What is being asked - From the data below, return only the lines from the one with "Bacon-Topped Cheesy Cauliflower & Lentil Bake" through the one with "De Easy Camp", exact and inclusive, with pictures left out.

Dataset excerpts
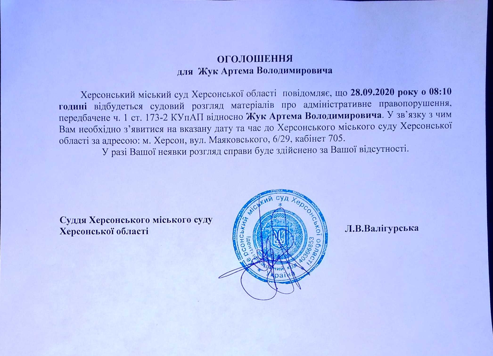 ОГОЛОШЕННЯ для Жук Артема Володимировича
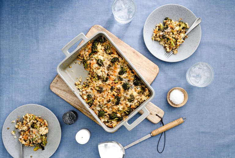Bacon-Topped Cheesy Cauliflower & Lentil Bake
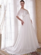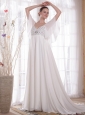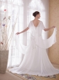 Home >  Special Occasion Dresses >  Mother of the Bride Dresses > White A-Line / Princess V-neck Court Train Chiffon Beading Mother Of The Bride Dress
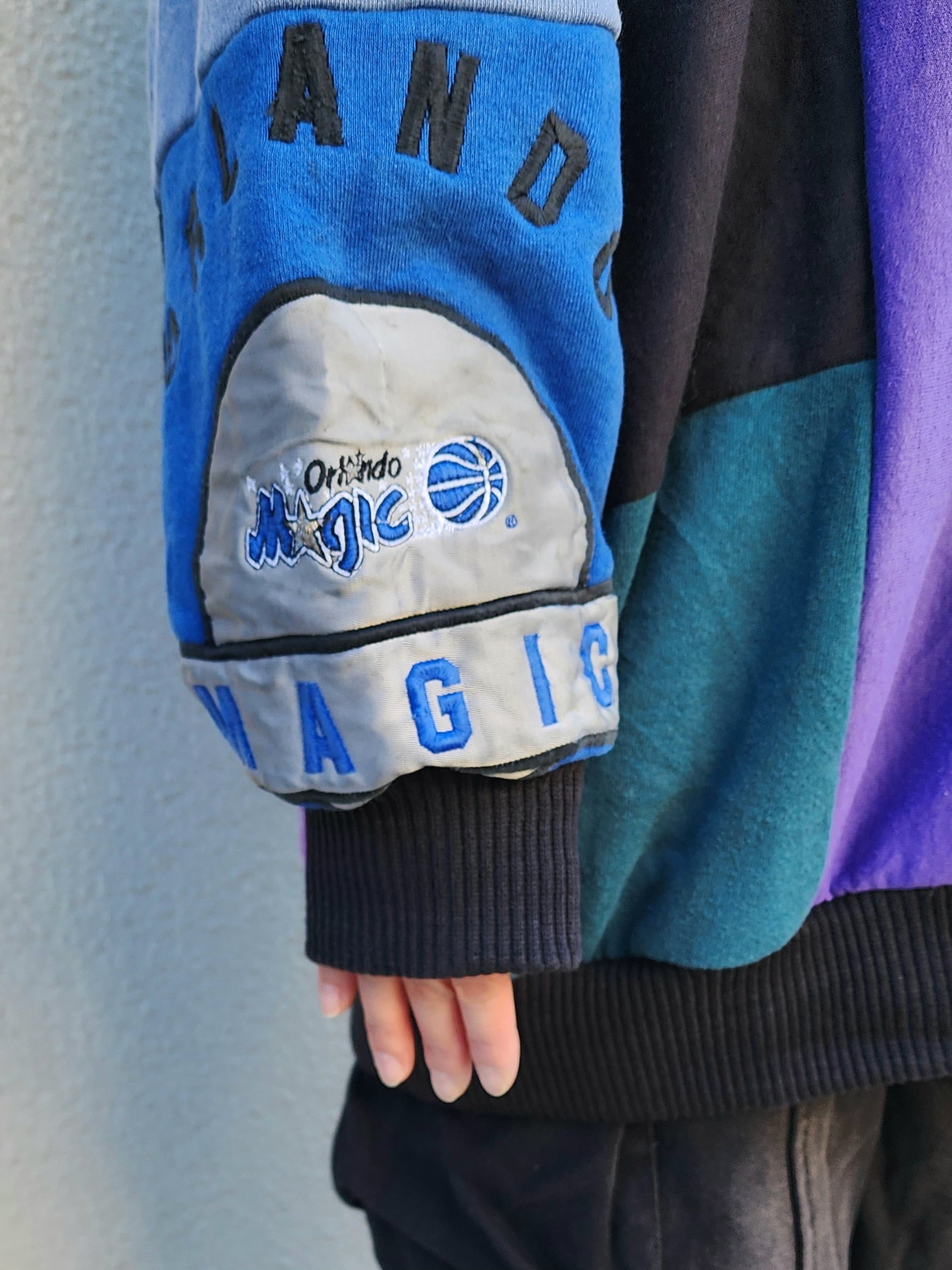 古着スウェットを大胆に組み合わせた人気のアイテム。
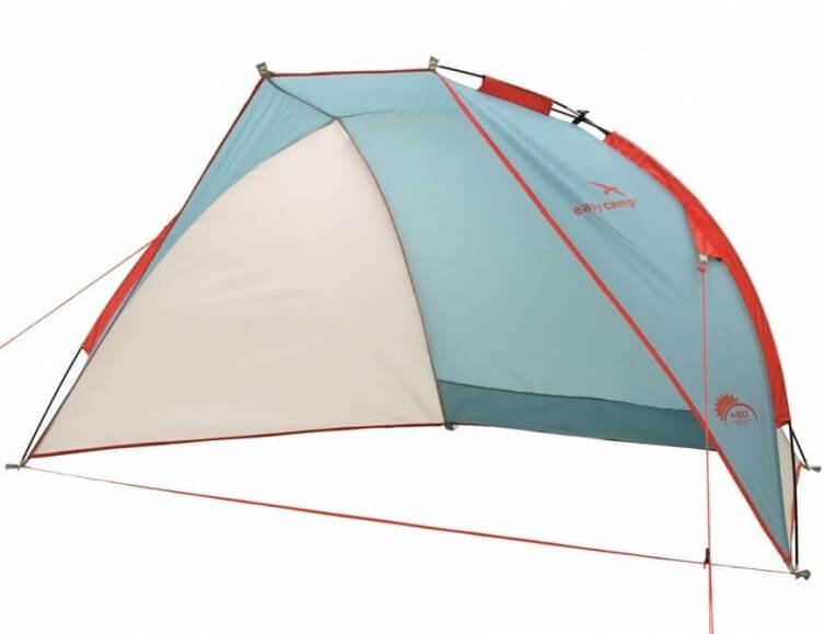 De Easy Camp Bay is een combinatie van een windscherm en strandtentje. Het biedt beschutting tegen de wind, schaduw en, dankzij de UV beschermingsfactor +50, bescherming tegen schadelijke zonnestralen. Het is tevens een handige opbergplek voor je spullen en zorgt voor wat extra privacy op het strand. Het windscherm is eenvoudig op te zetten en gemakkelijk overal mee naar toe te nemen dankzij zijn lichte gewicht en de handige draagtas die meegeleverd wordt.
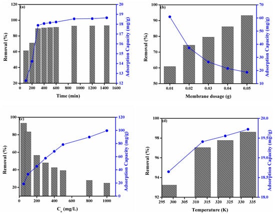 (a) Effect of contact time, (b) membrane dosage (adsorbent), (c) initial concentration of aqueous dye solution, (d) temperature on the percentage discharge of MO from aqueous solution and adsorption capacity.
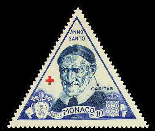 Vincent de Paul, cassock, skullcap, seals of Monaco and Vatican City, Red Cross, Charity for Holy Year, 1950; triangular issue
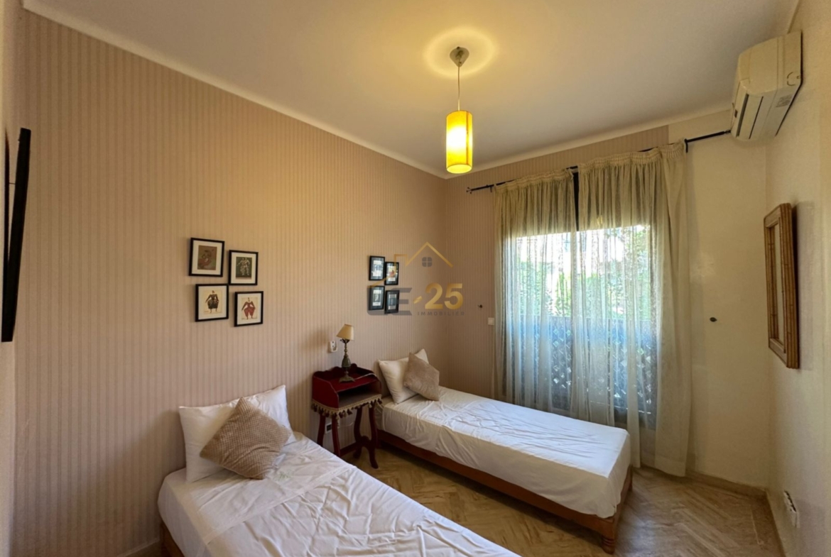 Le 25 Immobilier vous propose à la vente un superbe appartement meublé de 165 m², situé au sein d’une vaste résidence fermée, parfaitement entretenue et dotée d’une sécurité optimale. Vous y découvrirez un cadre de vie exceptionnel avec de grands espaces verts, trois piscines, un espace de jeux pour enfants ainsi qu’un terrain de basket-foot.

Solution -
Bacon-Topped Cheesy Cauliflower & Lentil Bake
 Home >  Special Occasion Dresses >  Mother of the Bride Dresses > White A-Line / Princess V-neck Court Train Chiffon Beading Mother Of The Bride Dress
 古着スウェットを大胆に組み合わせた人気のアイテム。
 De Easy Camp Bay is een combinatie van een windscherm en strandtentje. Het biedt beschutting tegen de wind, schaduw en, dankzij de UV beschermingsfactor +50, bescherming tegen schadelijke zonnestralen. Het is tevens een handige opbergplek voor je spullen en zorgt voor wat extra privacy op het strand. Het windscherm is eenvoudig op te zetten en gemakkelijk overal mee naar toe te nemen dankzij zijn lichte gewicht en de handige draagtas die meegeleverd wordt.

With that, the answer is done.